Google-Mitarbeiter Nr. 59
arbeitete weiter an den Texten für orkuts Interface-Seiten, Userbekanntmachungen und Community-Beschreibungen, sodass ich bereit war, als Sergey einen Tag nach Jonathans beruhigenden Nachrichten eine Info aus Davos schickte, das orkut noch am selben Nachmittag eingeführt werden sollte. Sergey hatte zugestimmt, eine rasche Implementierung zu unterstützen, und dazu stand er auch. Wir würden einen Kompromiss eingehen und orkut.com mit einem kleinen Hinweis versehen: »In Verbindung mit Google.«
Eine Stunde vor der Einführung schickte ich Orkut den Text für seine Homepage: »orkut ist eine-Online Community, die Menschen über ein Netzwerk vertrauenswürdiger Freunde verbindet. Tritt orkut bei und erweitere den Umfang unseres sozialen Kreises.« Ich fügte einen Disclaimer hinzu: »Gute Beziehungen beginnen mit Ehrlichkeit, deshalb lassen wir Sie von vornherein wissen, dass orkut immer noch ein Beta-Service ist. Das bedeutet, dass er am Anfang etwas unzuverlässig ist. Es kann sogar sein, dass Ruhepausen erforderlich sein werden, um Fehler zu beheben. Wir hoffen, dass Sie trotzdem dabei bleiben, während orkut daran arbeitet, sich zu bessern. Letztlich ist es genau das, was gute Freunde tun.« Um 1 Uhr nachmittags gingen die 12.000 Einladungen per E-Mail raus, sich orkut anzuschließen.

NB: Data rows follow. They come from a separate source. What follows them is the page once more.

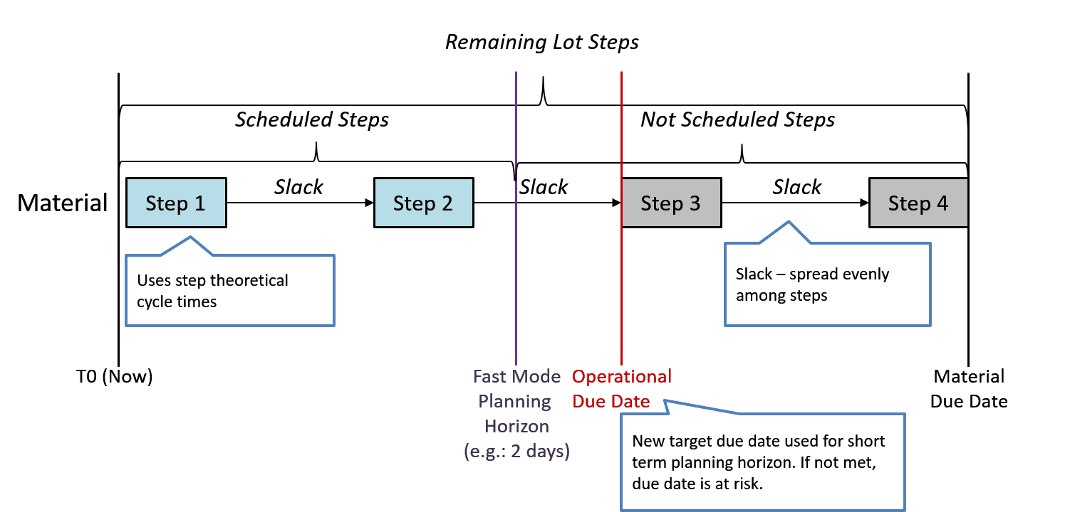 The operational fast mode reduces the number of Jobs to be scheduled by the scheduling engine thus speeding up the scheduling generation process. It assumes that the schedule is re-generated periodically and often, so that it is only necessary to schedule the Jobs for the short term. It calculates the theoretical process times for the Material's remaining steps, it divides the available slack between all the remaining Steps and then schedules only the Jobs that fall within the Fast Mode Planning Horizon.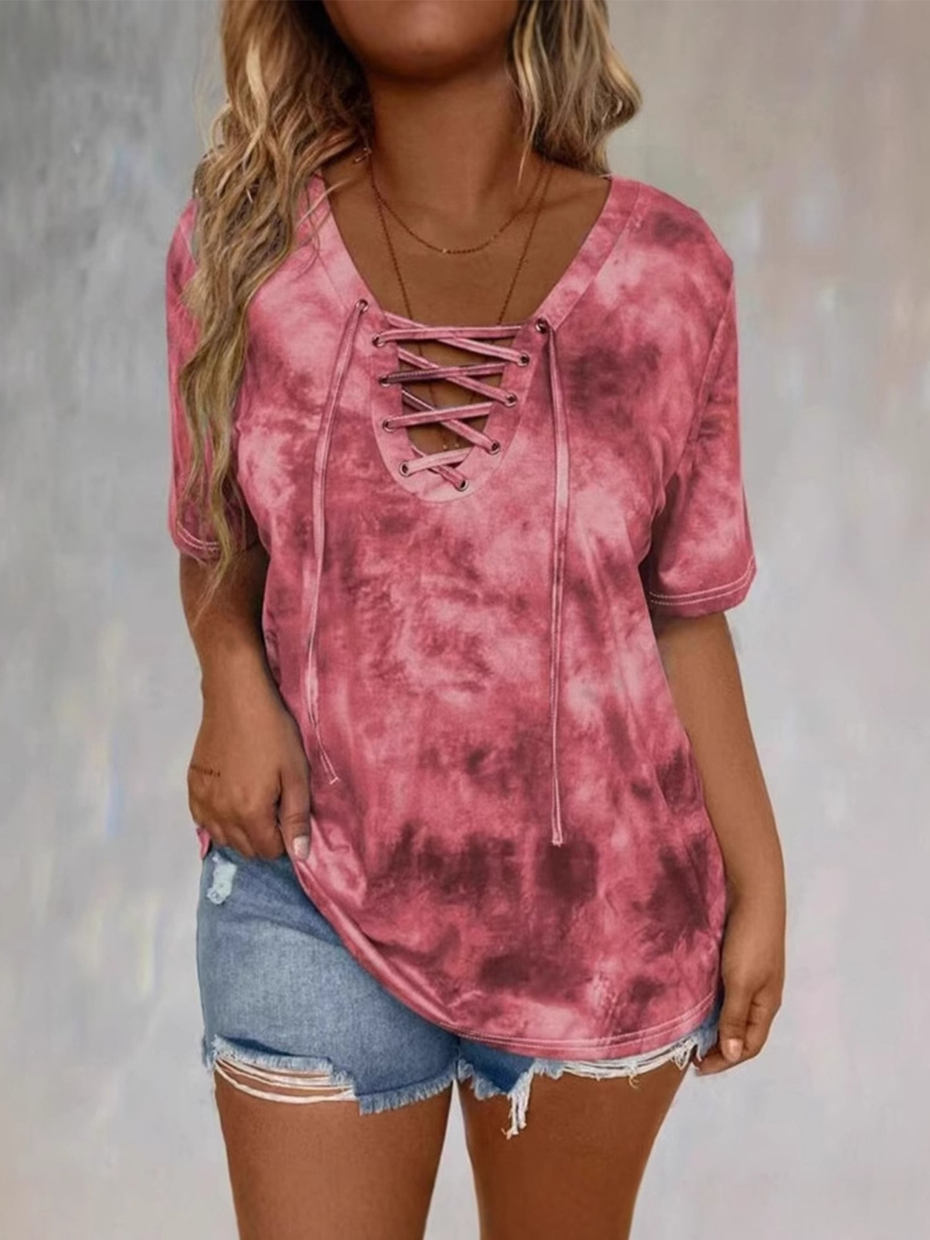 Tie Dye Lace-Up V-Neck Casual T-Shirt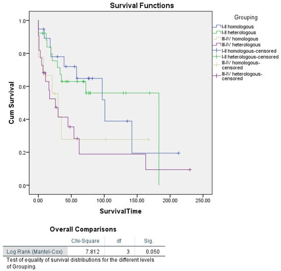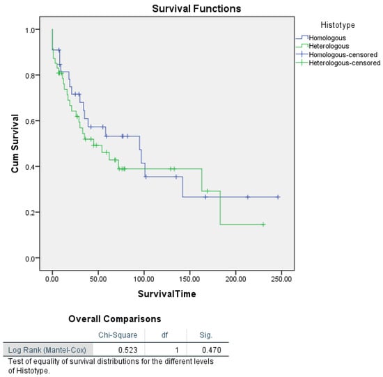 For histotype, Kaplan–Meier survival analysis did not reveal a statistically significant difference (p = 0.470) between homologous and heterologous types of uterine carcinosarcoma (Figure 2).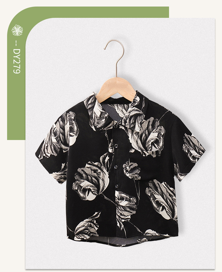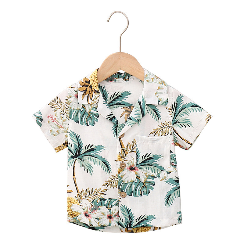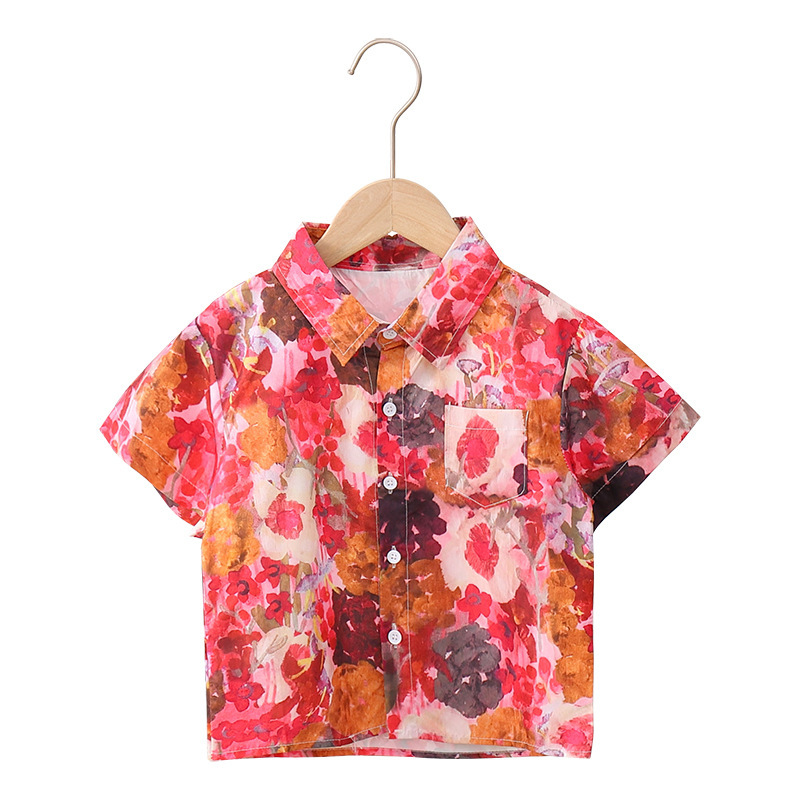 국경 간 대외 무역 어린이 여름 새로운 한국식 홀리데이 스타일 보이즈 비치 반팔 인쇄 캐주얼 꽃 셔츠

Innerhalb der sozialen Netzwerke, die Orkut in Stanford aufgebaut hatte, waren die User höflich, respektvoll und zuvorkommend gewesen. Die User von orkut.com waren das jedoch nicht. Sie begannen sofort, nach Wegen zu suchen, das System zu stören und mit Spam und Pornos zu füllen. Und das gelang ihnen. Es war möglich, nach jedem User in dem System zu suchen und ihm E-Mails mit Hundert-Megabyte-Anhängen zu schicken oder ein Script zu schreiben und jeden als Freund hinzuzufügen. Orkut, der Schöpfer des Projektes, hatte nie zuvor diese Probleme gehabt. Er musste die Site sofort vom Netz nehmen, um die Probleme zu beheben. Ich schrieb eine Fehlermeldung, die besagte, dass wir Verbesserungen vornahmen. Das war zu erwarten gewesen, da orkut nur ein Experiment war.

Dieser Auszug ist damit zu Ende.